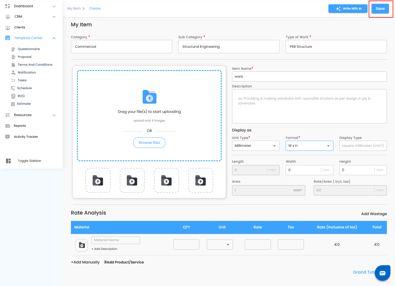 - Save the Item – Click the Save button to finalize and add the item to your BoQ.
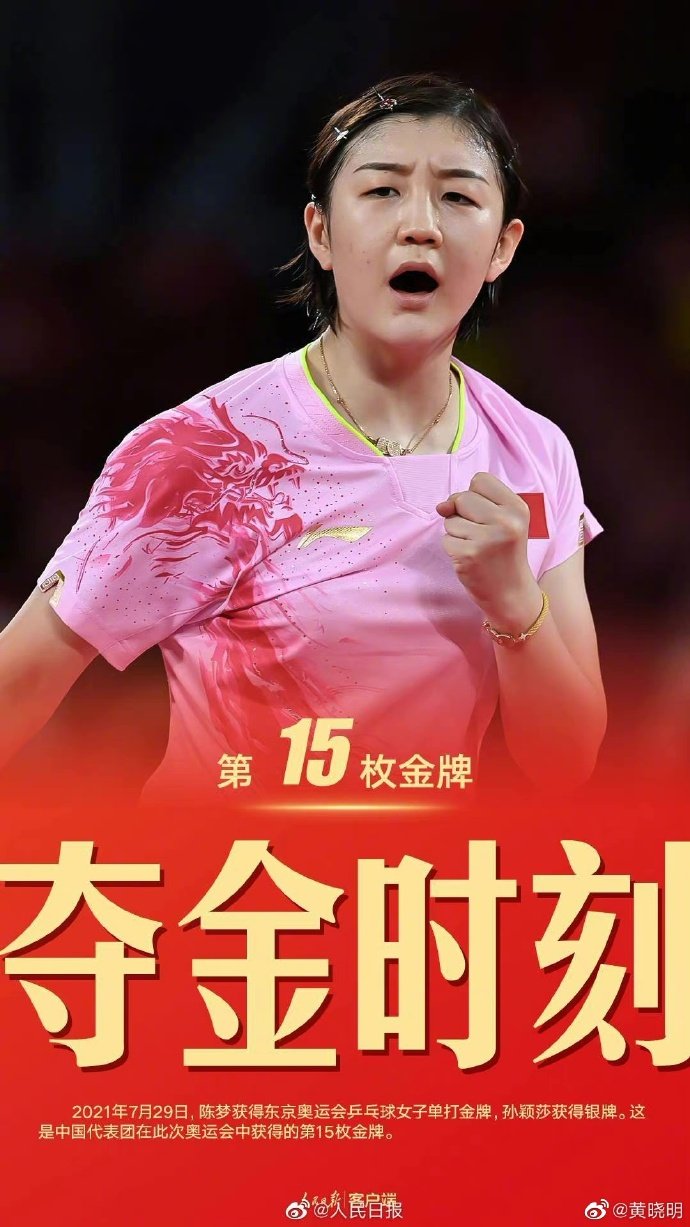 在东京奥运会女子乒乓球单打决赛中,中国选手陈梦以4:2战胜队友孙颖莎,获得冠军,这也是陈梦的第一块奥运金牌。
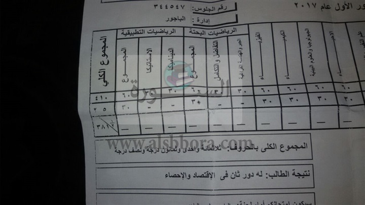 نتائج الطلاب العشرين باللجنة وهى
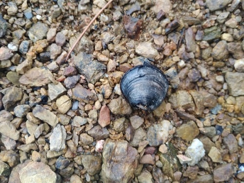 水際の水のないところを見ると二枚貝の死骸が多数あることがわかりました。
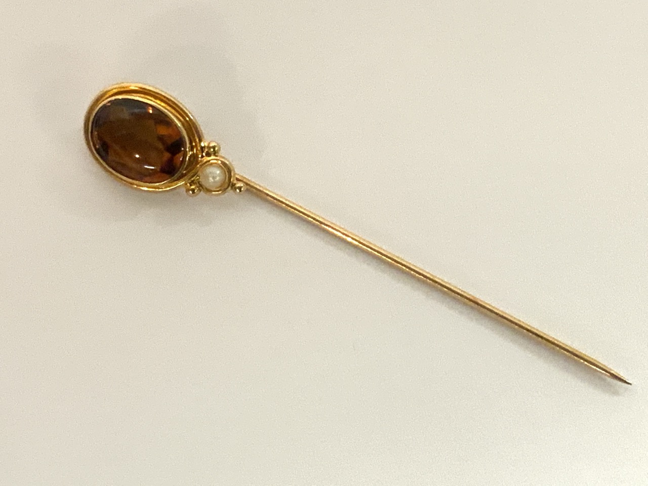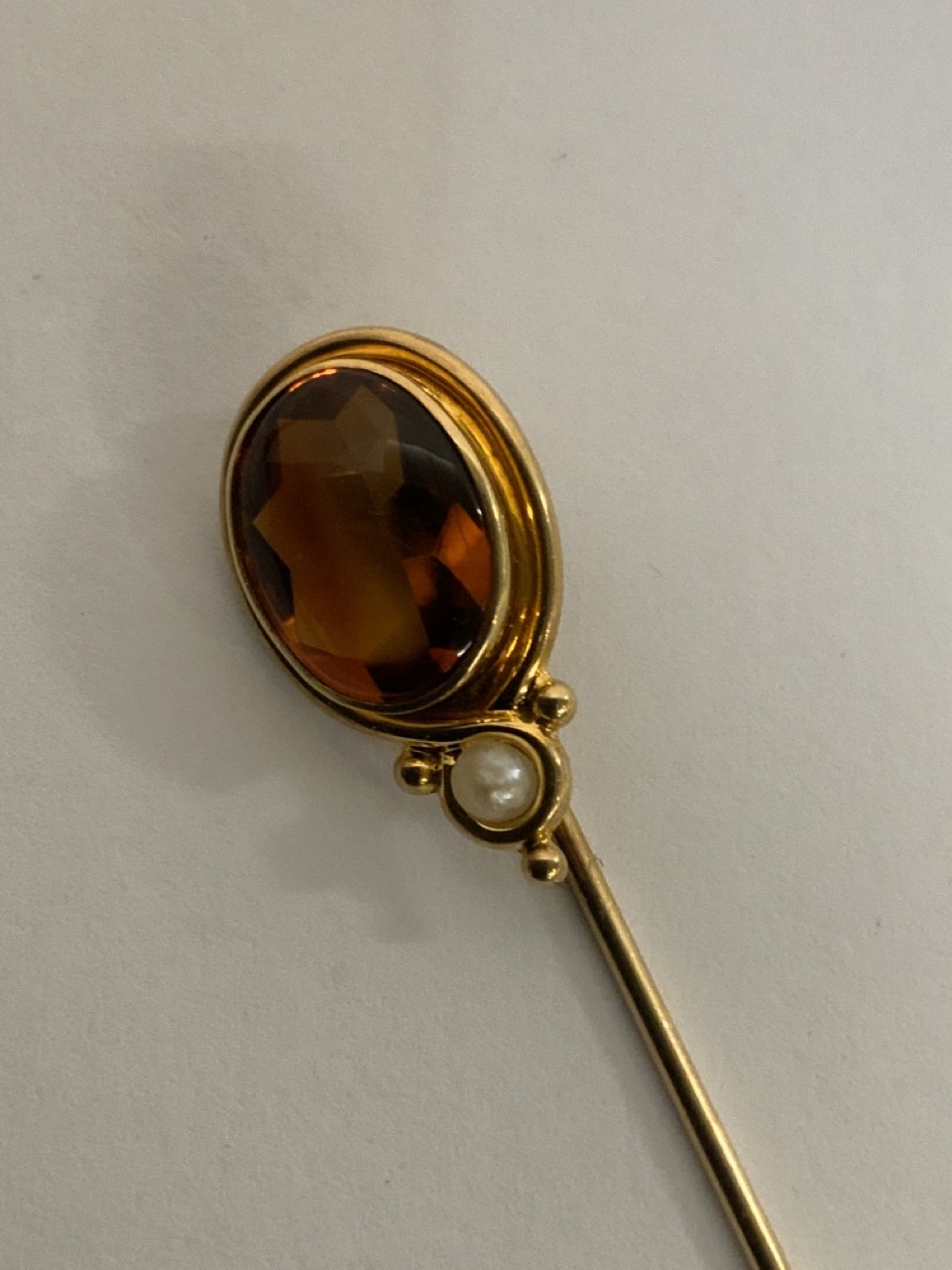 14k yellow gold citrine and pearl stick pin.
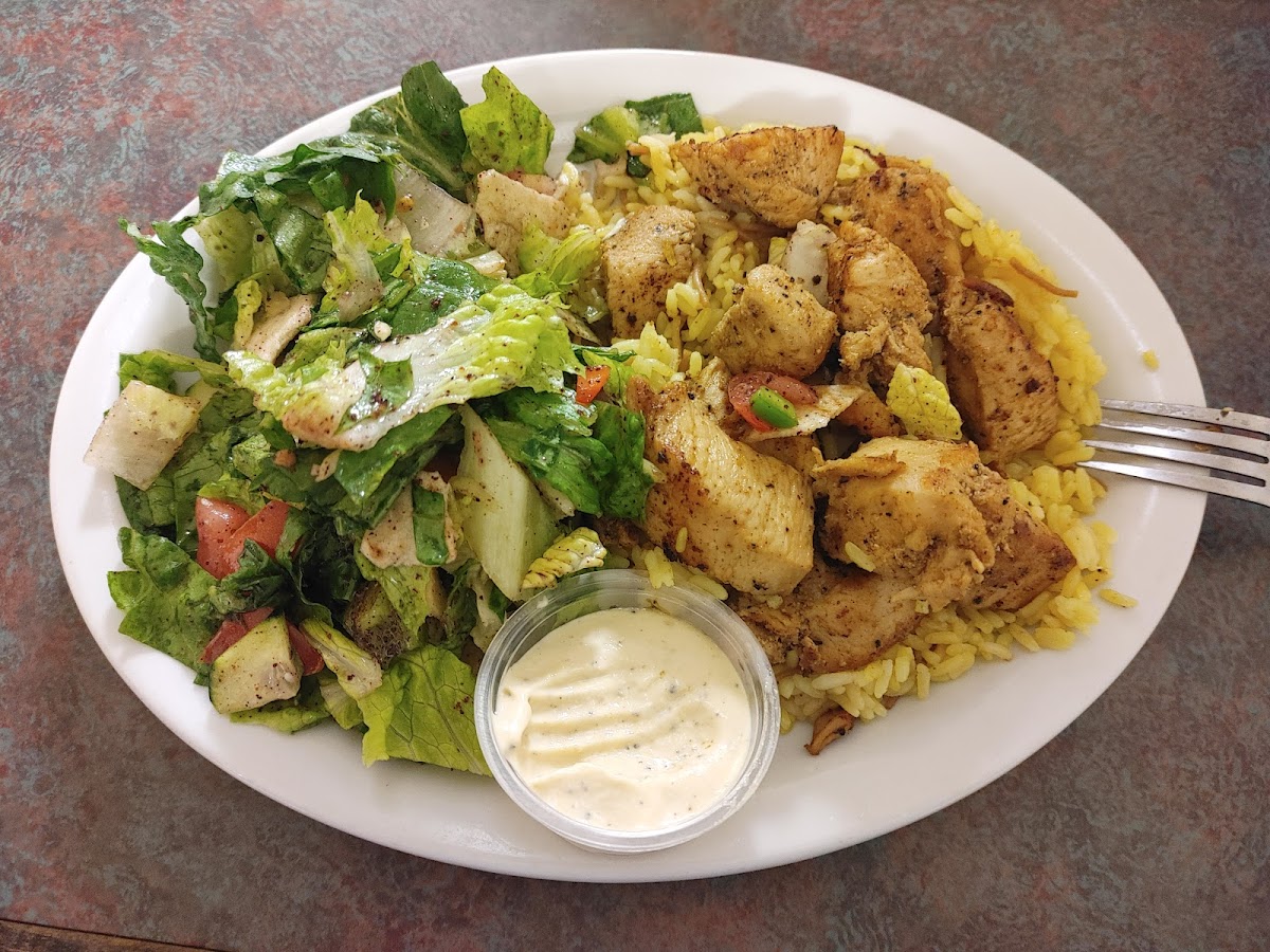The menu is straightforward but thoughtfully put together, covering the essentials of Mediterranean food without overwhelming you. You’ll find grilled meats, wraps, rice plates, fresh salads, and house-made sauces that actually taste homemade. When I ordered the chicken shawarma plate, I watched the staff slice the meat straight from the rotating spit, a process that locks in moisture while creating those crispy edges everyone loves. That method isn’t just tradition; food science backs it up. Studies from the Journal of Food Science show that vertical rotisserie cooking helps retain up to 20 percent more moisture compared to flat grilling, which explains the tenderness on the plate.
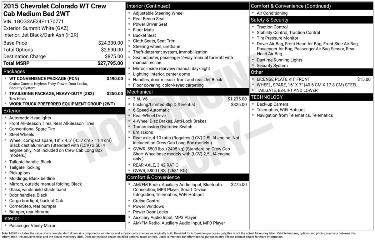Experience the perfect blend of power, efficiency, and versatility with this 2015 Chevrolet Colorado Work Truck. This rugged and capable pickup is ready to take on any task, whether it's hauling heavy loads or navigating the toughest terrain.- 3.6L V6 DGI DOHC VVT engine with 6-speed automatic transmission- Rear-wheel drive for optimal traction and control- 18 city/26 highway MPG for impressive fuel economy- Cloth seat trim and power driver's seat for comfortable drivingThis Colorado Work Truck is equipped with a range of features that make it a true workhorse:- 6-speaker audio system with AM/FM radio and 4.2" color display- Air conditioning and power windows for your comfort- Electronic stability control and traction control for enhanced safety- Rear parking camera for easy maneuveringThe exterior of this Colorado is finished in a sleek White color, complemented by body-color bumpers and a rear step bumper for easy access. The 16" steel wheels provide a rugged and dependable look.Inside, you'll find a well-appointed cabin with a tilt steering wheel, trip computer, and power steering for a smooth and responsive driving experience. The front bucket seats with a center armrest offer ample support and comfort, while the rear seat center armrest provides additional convenience.This 2015 Chevrolet Colorado Work Truck is the perfect blend of capability, efficiency, and comfort. With its impressive features and reliable performance, it's the ideal choice for those who demand a hardworking and versatile pickup. Visit our showroom today to experience this remarkable vehicle for yourself and see how it can transform your driving experience.
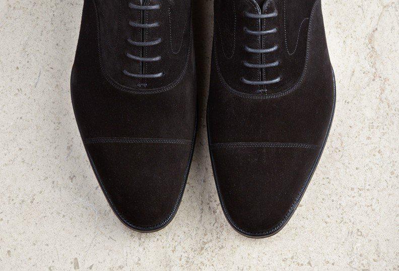 Flat Feet Shoes - Black Suede Waltham Toe Cap Oxfords with Arch Support
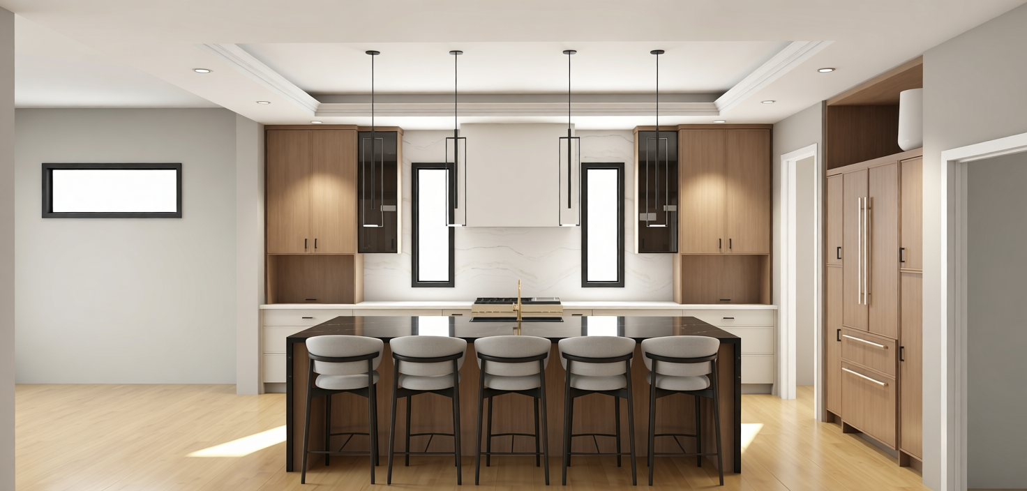 the 4x4 black tile is glossy with white grout keep ceiling black and cabinets
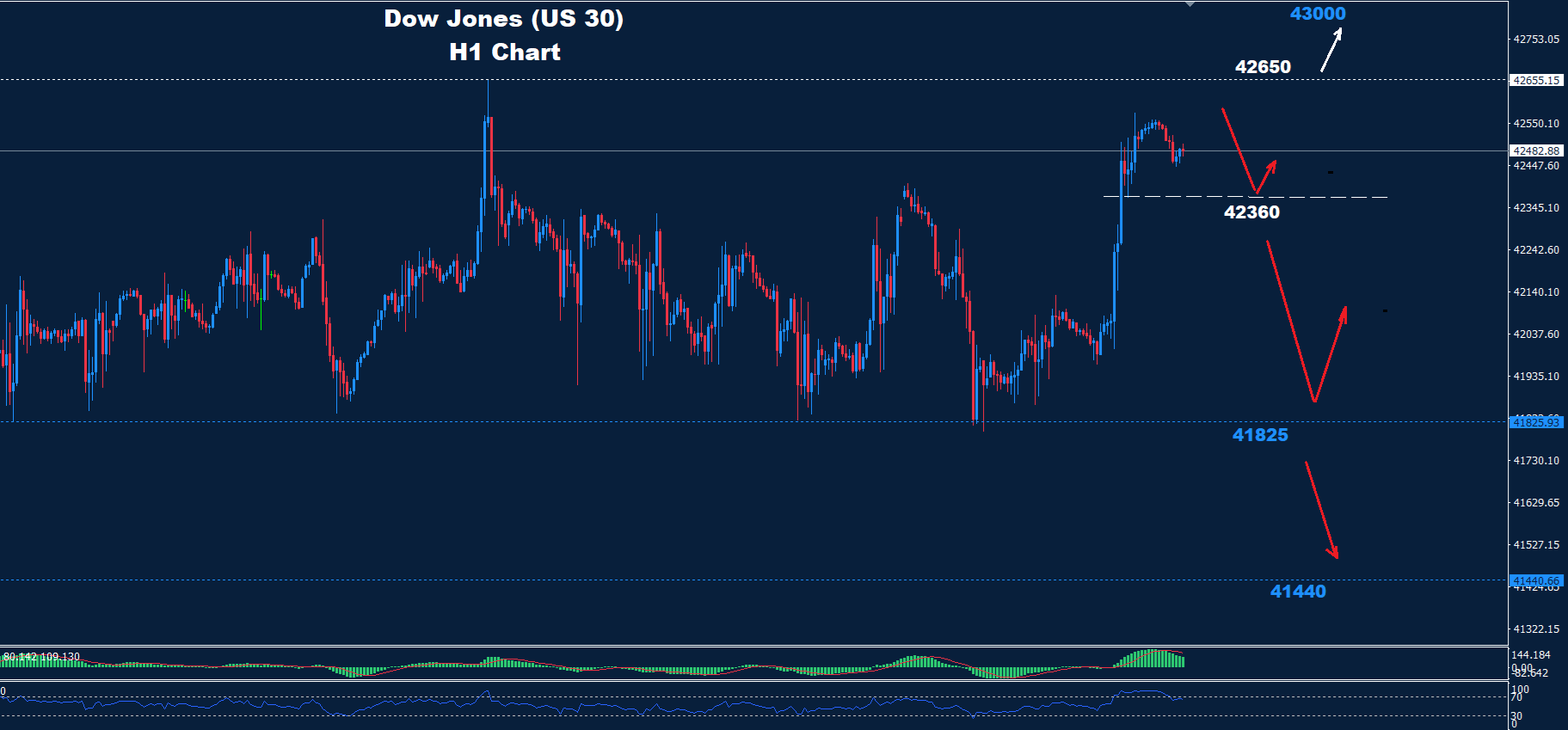 طالما أن السوق يحتفظ بالتداولات تحت 42650 فمن المتوقع موجة هبوط أخرى نحو منطقة 41825
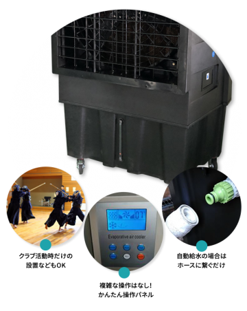 給水方法は手動・自動どちらも対応しています。風量は300㎥/分と強力で20m先まで冷風が届きます。水が蒸発するときに周囲から熱を奪う気化熱の性質を利用しているので、排熱もなく、ノンフロンでCO2の排出を削減でき温暖化対策につながります。
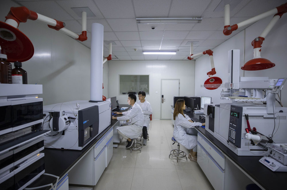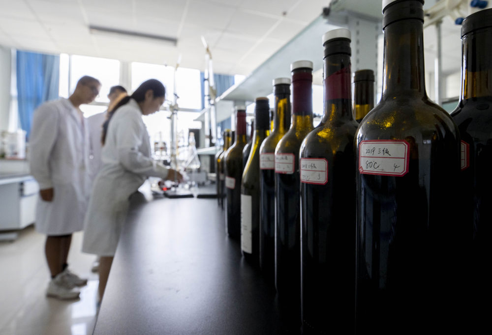 食品与葡萄酒学院葡萄系的葡萄与葡萄酒质量分析实验室内,研究生在进行葡萄酒化学物质分析(7月8日摄)。

What to produce - Restate the material word for word, minus pictures.

Worked solution -
 - Save the Item – Click the Save button to finalize and add the item to your BoQ.
 在东京奥运会女子乒乓球单打决赛中,中国选手陈梦以4:2战胜队友孙颖莎,获得冠军,这也是陈梦的第一块奥运金牌。
 نتائج الطلاب العشرين باللجنة وهى
 水際の水のないところを見ると二枚貝の死骸が多数あることがわかりました。
 14k yellow gold citrine and pearl stick pin.
The menu is straightforward but thoughtfully put together, covering the essentials of Mediterranean food without overwhelming you. You’ll find grilled meats, wraps, rice plates, fresh salads, and house-made sauces that actually taste homemade. When I ordered the chicken shawarma plate, I watched the staff slice the meat straight from the rotating spit, a process that locks in moisture while creating those crispy edges everyone loves. That method isn’t just tradition; food science backs it up. Studies from the Journal of Food Science show that vertical rotisserie cooking helps retain up to 20 percent more moisture compared to flat grilling, which explains the tenderness on the plate.
Experience the perfect blend of power, efficiency, and versatility with this 2015 Chevrolet Colorado Work Truck. This rugged and capable pickup is ready to take on any task, whether it's hauling heavy loads or navigating the toughest terrain.- 3.6L V6 DGI DOHC VVT engine with 6-speed automatic transmission- Rear-wheel drive for optimal traction and control- 18 city/26 highway MPG for impressive fuel economy- Cloth seat trim and power driver's seat for comfortable drivingThis Colorado Work Truck is equipped with a range of features that make it a true workhorse:- 6-speaker audio system with AM/FM radio and 4.2" color display- Air conditioning and power windows for your comfort- Electronic stability control and traction control for enhanced safety- Rear parking camera for easy maneuveringThe exterior of this Colorado is finished in a sleek White color, complemented by body-color bumpers and a rear step bumper for easy access. The 16" steel wheels provide a rugged and dependable look.Inside, you'll find a well-appointed cabin with a tilt steering wheel, trip computer, and power steering for a smooth and responsive driving experience. The front bucket seats with a center armrest offer ample support and comfort, while the rear seat center armrest provides additional convenience.This 2015 Chevrolet Colorado Work Truck is the perfect blend of capability, efficiency, and comfort. With its impressive features and reliable performance, it's the ideal choice for those who demand a hardworking and versatile pickup. Visit our showroom today to experience this remarkable vehicle for yourself and see how it can transform your driving experience.
 Flat Feet Shoes - Black Suede Waltham Toe Cap Oxfords with Arch Support
 the 4x4 black tile is glossy with white grout keep ceiling black and cabinets
 طالما أن السوق يحتفظ بالتداولات تحت 42650 فمن المتوقع موجة هبوط أخرى نحو منطقة 41825
 給水方法は手動・自動どちらも対応しています。風量は300㎥/分と強力で20m先まで冷風が届きます。水が蒸発するときに周囲から熱を奪う気化熱の性質を利用しているので、排熱もなく、ノンフロンでCO2の排出を削減でき温暖化対策につながります。
 食品与葡萄酒学院葡萄系的葡萄与葡萄酒质量分析实验室内,研究生在进行葡萄酒化学物质分析(7月8日摄)。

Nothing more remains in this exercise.